Recently, while working on a data modernization project for an investment firm, we learned this the hard way. We were moving from MarkLogic, a multi-model database, to Databricks, aiming to unify data analytics, simplify pipelines, and embrace scalable architecture. Everything looked good on paper. The architecture diagrams were clean. The workflows were refactored. But then came the data. And it didn’t lie.
🚨 The Showstopper
As part of the migration, we had to replicate a key workflow originally running in MarkLogic. The workflow involved pulling enriched investment data via APIs, transforming it, and funneling it into analytics layers.
The new Databricks-based design seemed robust.

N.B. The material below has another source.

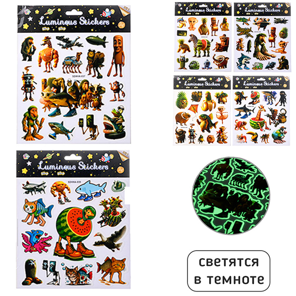 Наклейки детские " Mazari " Итал. Мем, 200*250мм, светятся в темноте, 6 дизайнов, пакет, европодвес

But once live data started flowing in, we were hit with a crisis:
- API calls shot up 10x compared to the MarkLogic version.
- Millions of records/day started triggering unexpected volumes of requests.
- The downstream API servers nearly collapsed.
- The system began timing out, throttling, and failing silently in some cases.
We went from “Everything looks perfect” to “Why is the system choking?” in hours.
🕵️ What Went Wrong?
The design was functionally correct — but functionality ≠ efficiency.
- In MarkLogic, batching and smart querying were used natively.
- In Databricks, the new design looped over smaller chunks, triggering API calls per row instead of per batch.
- The shift in processing paradigm (document-oriented to distributed compute) wasn’t fully accounted for during replication.
On paper, the two workflows looked identical. But in execution, they couldn’t have been more different. And it was the data behavior — not the diagrams — that revealed the flaw.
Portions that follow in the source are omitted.